Продовольствие было советское. И кормили не слишком жирно – перловкой и капустой, и скудная пайка хлеба. Люди страдали от авитаминоза, фурункулеза и дизентерии. Многие были настолько истощенные после лагеря и ссылки, что создали отдельную роту дистрофиков.
Сорок второй в стране вообще был голодный. И хотя положен был офицерский доппаек, но существовал, какой то внутренний приказ и не было никакой разницы между питанием офицеров штаба и котловым довольствием солдат.
Высший офицерский состав был из Израиля. Все говорили по-русски, но когда не хотели чтобы их понимали, переходили на иврит и я вынужденно начал учить язык. Неприятно когда за спиной говорят, а ты не понимаешь. Все время, кажется, что тебя обсуждают. Когда комбат заметил, что я что-то понял, не предназначенное для моих ушей, он очень внимательно на меня посмотрел и подарил русско-ивритский словарь, изданный еще до революции.
Средние офицерские должности занимали советские офицеры-евреи, младшие – уже и из учившихся на офицерских курсах легиона и опять же советских евреев. Ну, да я и был до фронта такой единственной белой вороной в дивизии. Может, мне как раз с этим повезло. Я был интересен и со мной общались. Засылать русского стукача было бы совсем не умно со стороны органов.
Конечно, были и такие. Присылали нам в полк и особо проверенных товарищей, в общей массе мобилизованных. Для контроля за настроениями и объяснения политики Советского правительства и ВКП(б). Особисты были почти все израильтяне. И задачи у них были несколько другие. Шпионов – перебежчиков не особо искали. В этой среде их глупо было искать. Но вот выяснять, кто чем дышит на будущее, им было очень интересно. Легион ведь создавался еще и с целью послевоенного отбытия из СССР. Уже позже, в сорок четвертом, в связи с большими потерями, часто удовлетворялась и просьба об отпуске в Израильский легион добровольцев – евреев из частей Красной Армии.

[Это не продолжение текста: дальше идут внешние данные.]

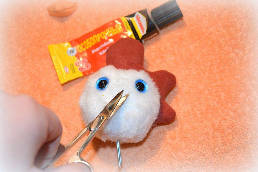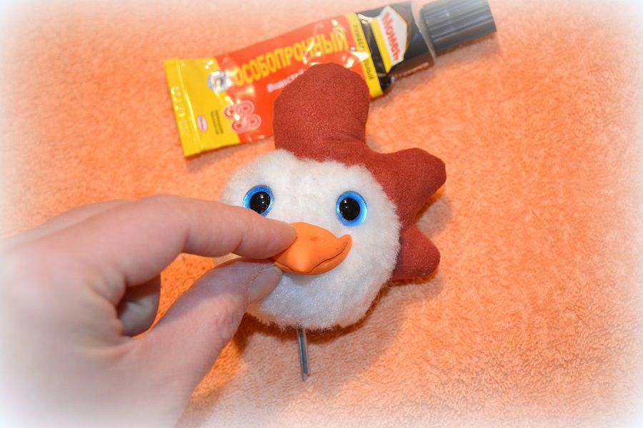 Обратите внимание, что клюв должен принять форму головы, то есть быть округлым у основания. Иначе после приклеивания будет топорщиться по бокам.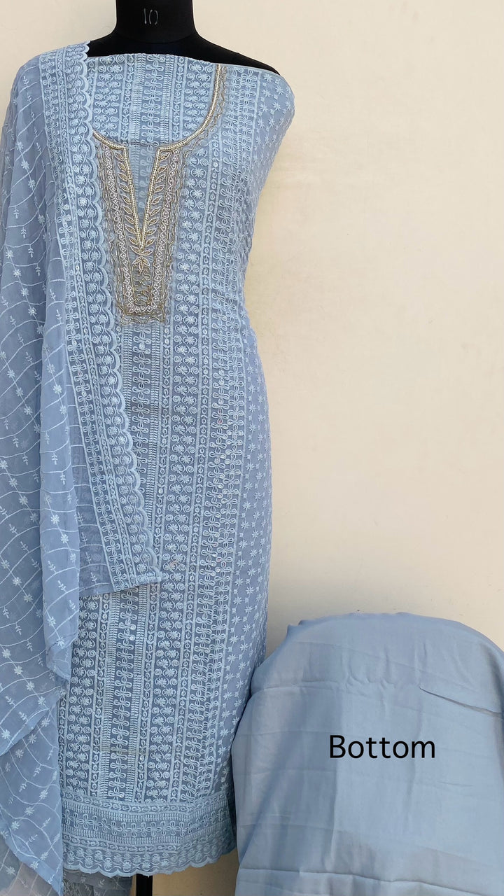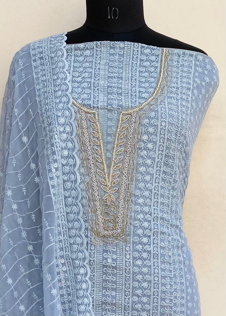 Chikankari Suit Length 3 Piece Gray Georgette With Pearl & Cutdana Work With Embroidered Georgette Dupatta & Same Colour Santoon Bottom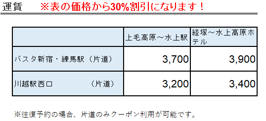 概要:期間中、上記の「楽天トラベル」該当ページよりみなかみ温泉号の30%割引クーポンをクリックしてクーポンを獲得してから、みなかみ温泉号の予約ステップで表示される割引クーポンを選択いただくと、実質30%割引でご乗車いただけます。※往復予約の場合、片道のみクーポン利用が可能です。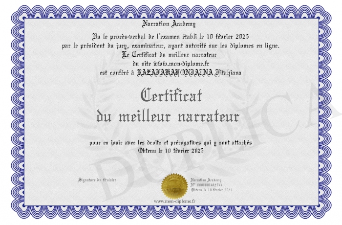 Envoyez par email votre Certificat du meilleur narrateur personalisé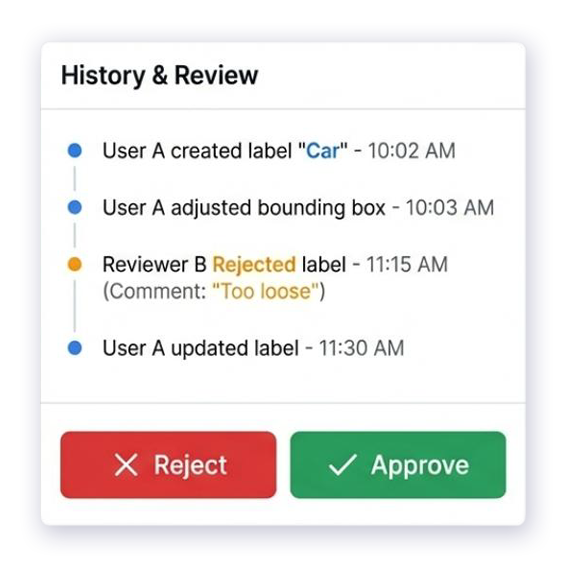 Strict separation of duties between Annotators and Reviewers to ensure unbiased QA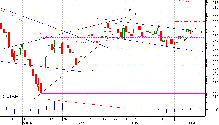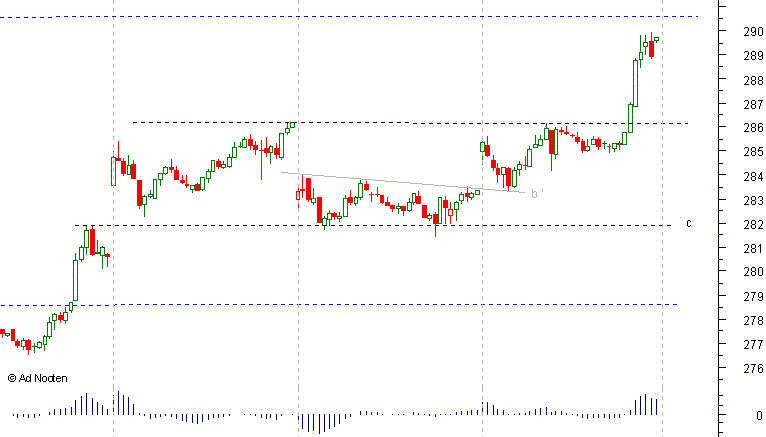 is vrijwel bereikt, we mogen dan eerst een korte daling naar 286,2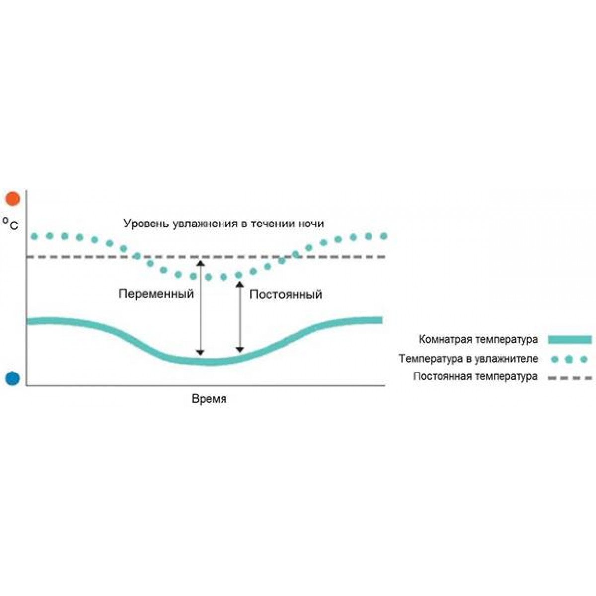 Встроенный нагреваемый увлажнитель оснащён системой Advanced Humid Control, которая контролирует температуру и влажность воздуха в реальном времени. Это помогает избежать пересыхания дыхательных путей и образования конденсата в контуре, даже при изменении температуры в комнате. Пользователь может выбрать один из десяти уровней увлажнения, чтобы подобрать наиболее комфортные условия для сна.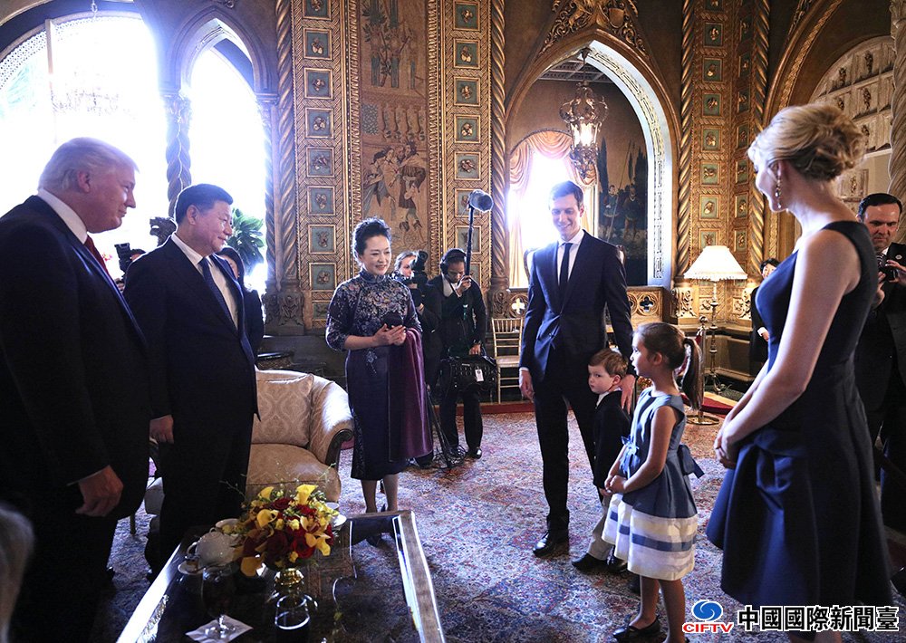 图:国家主席习近平和夫人彭丽媛一行于当地时间6日下午飞抵美国佛罗里达州,在海湖庄园和美国总统特朗普举行中美元首会晤。图为两国元首夫妇共同欣赏特朗普外孙女和外孙演唱中文歌曲《茉莉花》并背诵《三字经》和唐诗\新华社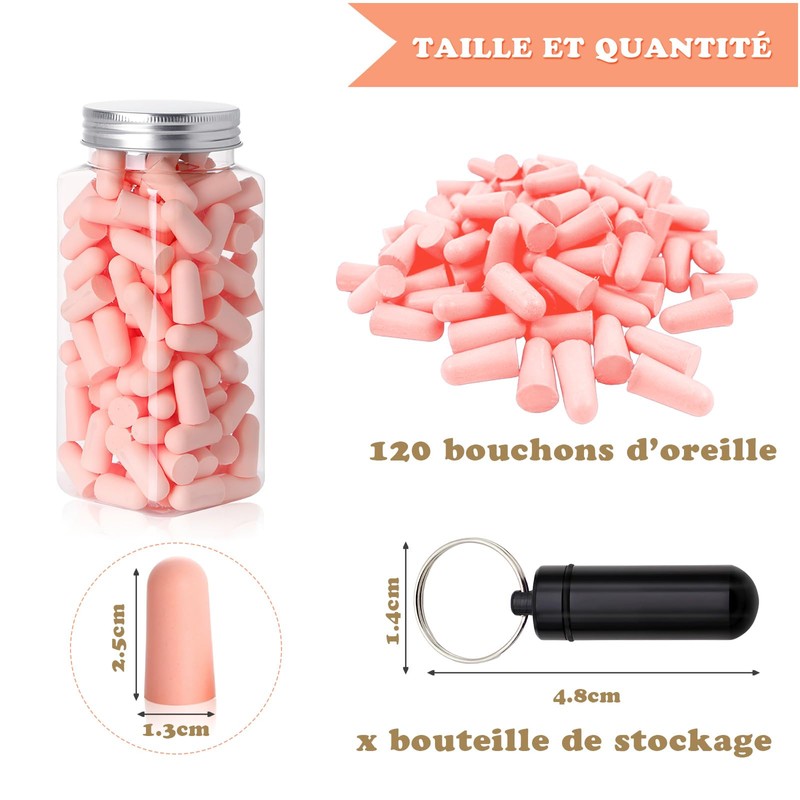 - 【Ohrstöpsel Set】Sie erhalten 120 rosa Ohrstöpsel, eine ausreichende Menge, um Ihren täglichen Bedarf zu decken. Neben der transparenten Aufbewahrungsflasche erhalten Sie auch eine kompakte und leichte schwarze Aluminiumaufbewahrungsflasche, die sich ideal für den Transport Ihrer Ohrstöpsel eignet.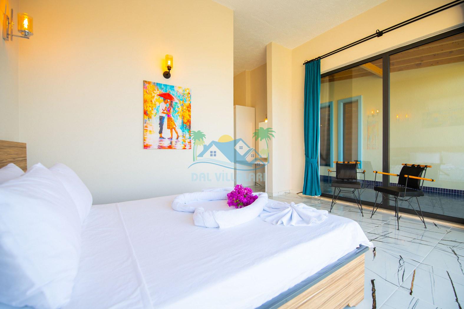 1. Yatak Odası : 1 Adet çift kişilik yatak , komodin , makyaj masası , elbise dolabı , klima ve banyo & tuvalet bulunmaktadır.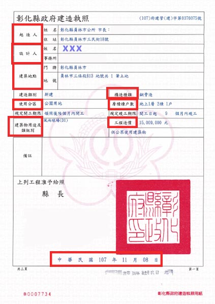 • 起造人與設計人:在這張範例中,「起造人」是「彰化縣員林市公所」,而「設計人」則是「xxx」。這清楚地告訴你,誰是這個建案的申請人,以及是哪位建築師負責設計。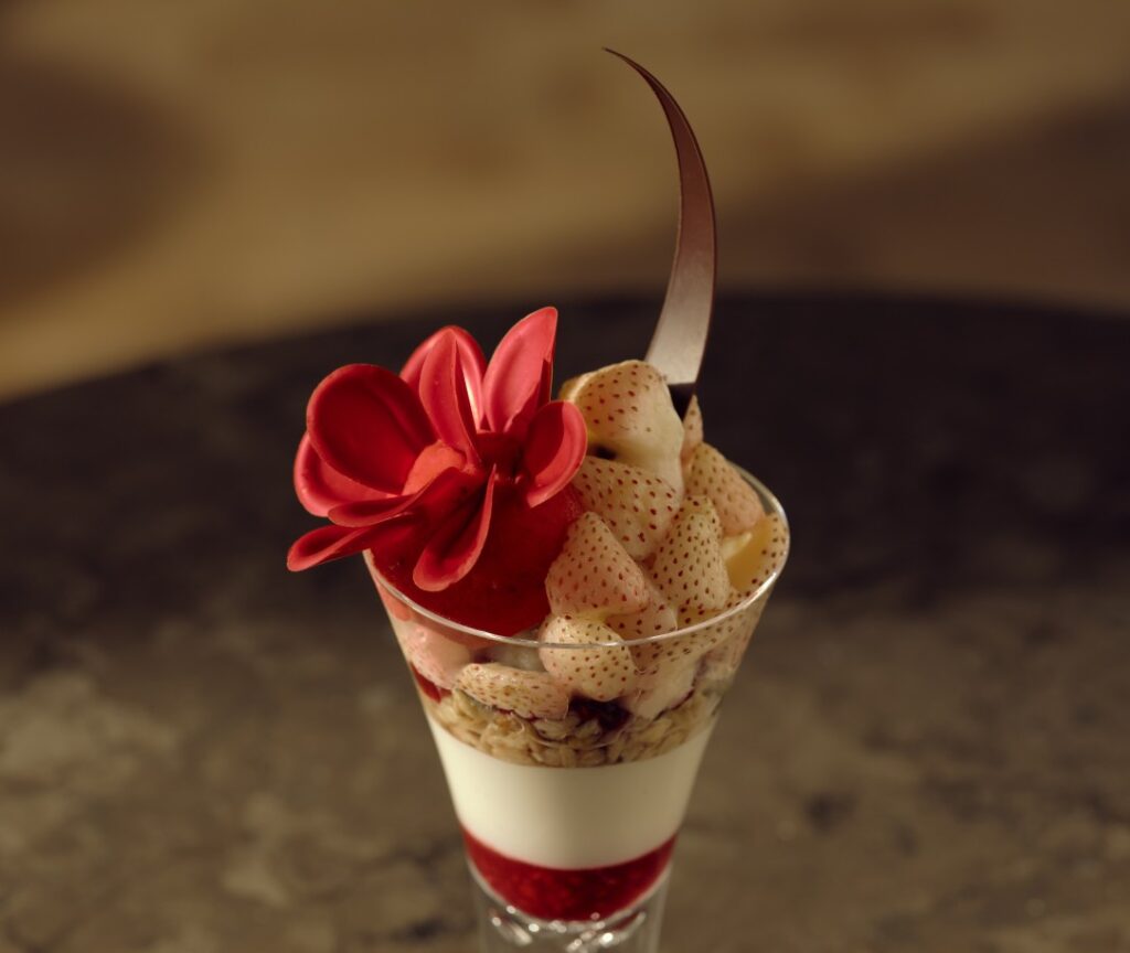 Janu Bar presents a seasonal parfait crafted with an abundance of fresh fruit. This season’s creation celebrates strawberries, layering smooth cream with crunchy textures for a rich and playful contrast. Enjoy this artfully composed dessert while taking in the evening views of Tokyo Tower.
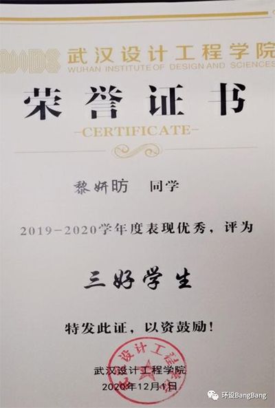 2019-2020学年度黎妍昉同学获“三好学生”荣誉称号。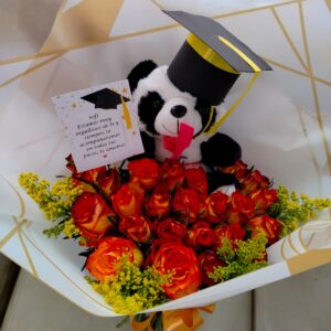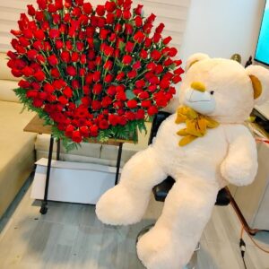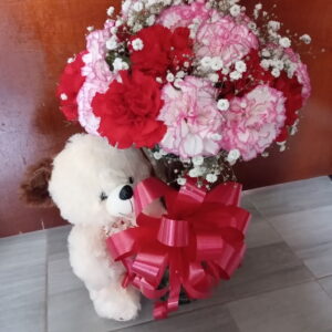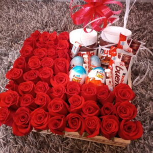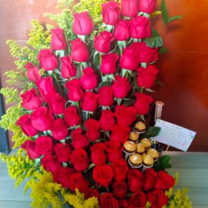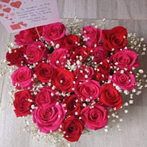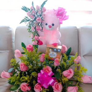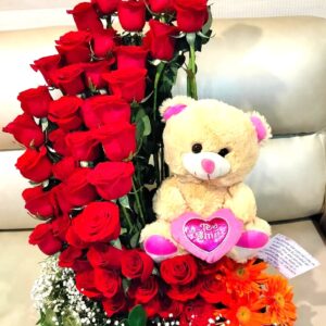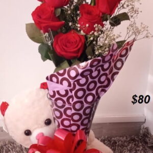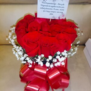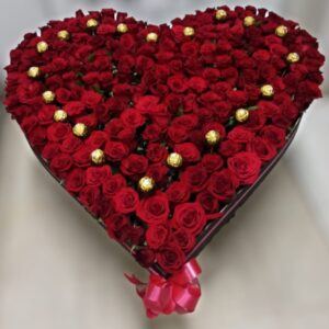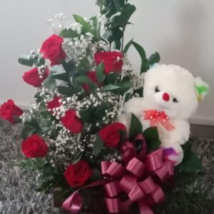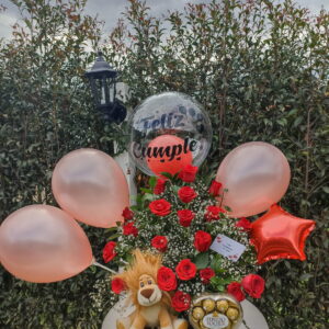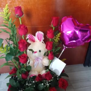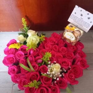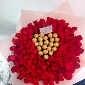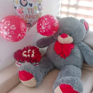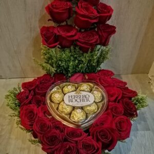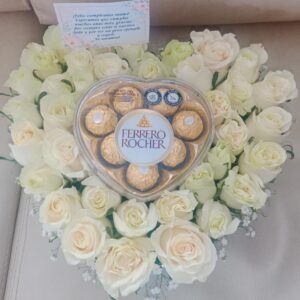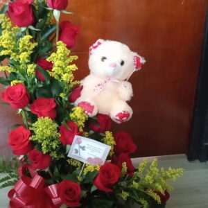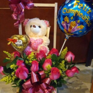 Corazon de rosas, peluche, ferrero y baileys.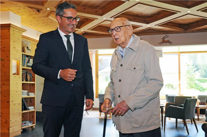 Wie schon in den vergangen Jahren verbringt der ehemalige Staatspräsident Giorgio Napolitano mittsommerliche Urlaubstage in Bad Moos in Sexten. Am Samstag stattete Südtirols Landeshauptmann Arno Kompatscher dem ehemaligen Staatspräsidenten und Senator auf Lebenszeit in dessen Feriendomizil einen informellen Besuch ab.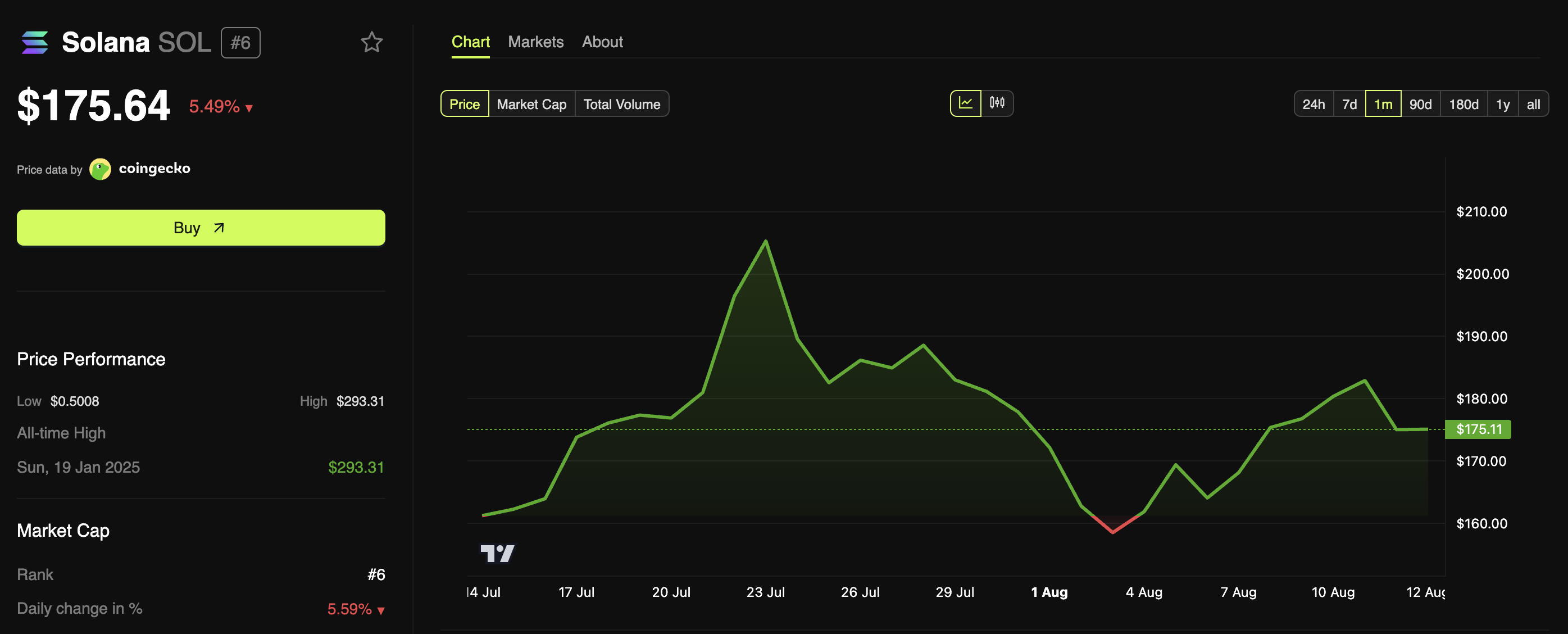 Sponsoredفي المقابل، شهدت العملات الرقمية الأخرى مثل ETH ارتفاعات كبيرة، حيث دفعت الاتجاهات الصعودية الأخيرة سعرها إلى مستويات لم تُشاهد منذ عام 2021. علاوة على ذلك، انخفضت SOL بنسبة 5,49% خلال اليوم الماضي. في وقت النشر، كانت تتداول عند $175,64.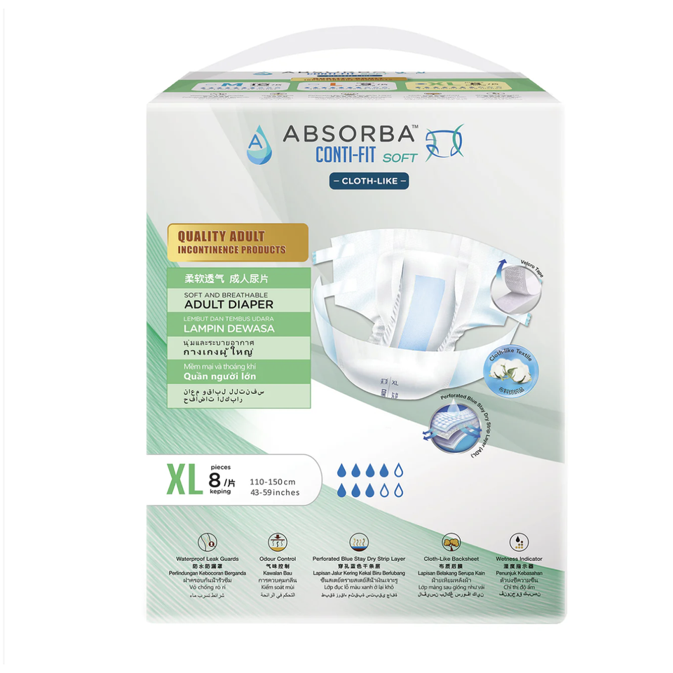 ผ้าอ้อมผู้ใหญ่ Absorba Conti-Fit Soft (ขนาดใหญ่พิเศษ - 8 ชิ้นต่อแพ็ค)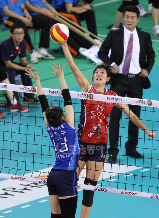 7일 경기도 화성종합스포츠타운 내 배구실내체육관에서 열린 2011-2012 프로배구 여자부 IBK기업은행과 인삼공사의 경기에서 인삼공사 김세영이 기업은행 김지수를 상대로 공격하고 있다.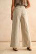 OLIVIA STRIPE FABRIC MIX PANTS - BROWN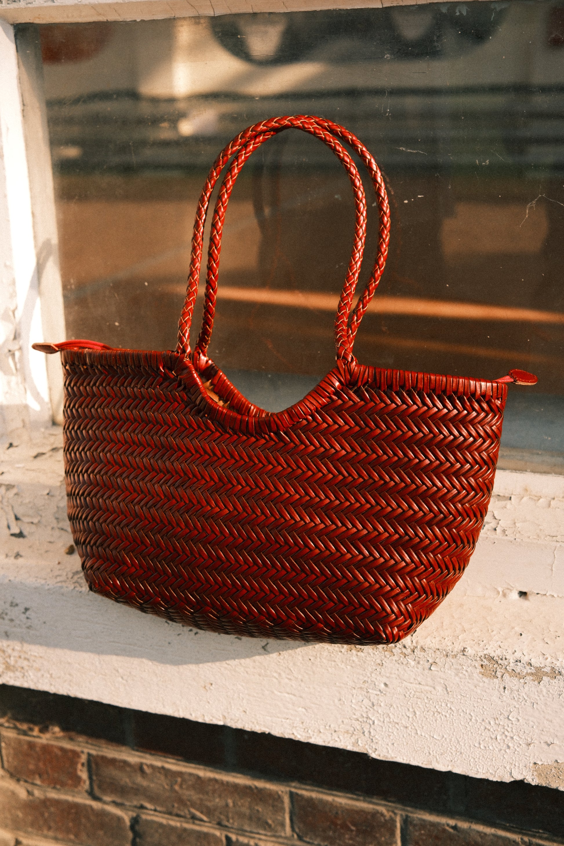 Ce panier tressé en cuir souple, aussi élégant que pratique, se porte sur l'épaule ou à la main avec sa anse tressée.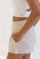 Discover our Knock Out Shorts - a perfect blend of style, comfort, and function. With a secure thick waistband and customizable drawstring fit, these shorts stay put during workouts. They feature a panty liner for extra protection and spacious side pockets for your essentials. Boost your active lifestyle in style and comfort.

В танковом полку, а позже танковой бригаде, были сплошь советские офицеры. Просто из Израиля некого было прислать. То, немногое, что у них было, воевало в Северной Африке.
Зато в авиакрыле были одни израильские летчики. Даже обслуживающий персонал. Только ближе к концу войны стали появляться советские техники, повара и разный обслуживающий персонал.
А вот политруки – все советские евреи. Эти сидели от батальона и выше, и я с ними сталкивался очень редко, практически только на политмероприятиях. Мы все-таки, подчинялись Красной Армии, и совсем без внимания и воспитания оставлять Легион было нельзя. Зато были у нас еще и раввины. При каждом полку, дивизии и старший раввин Легиона в чине полковника с особо оригинальной фамилией Рабинович. Были какие-то трения наверху между израильтянами и советским командованием, но я был обычный Ванька-взводный, и до меня это доходило только отдельными отголосками. Тем более, что на первых порах не очень то со мной и делились этими вещами.
Организация, структура и уставы Еврейского Легиона в основном повторяли советские, за исключением некоторых национальных особенностей, связанных с религией. Свининой нас не кормили даже в самое голодное время.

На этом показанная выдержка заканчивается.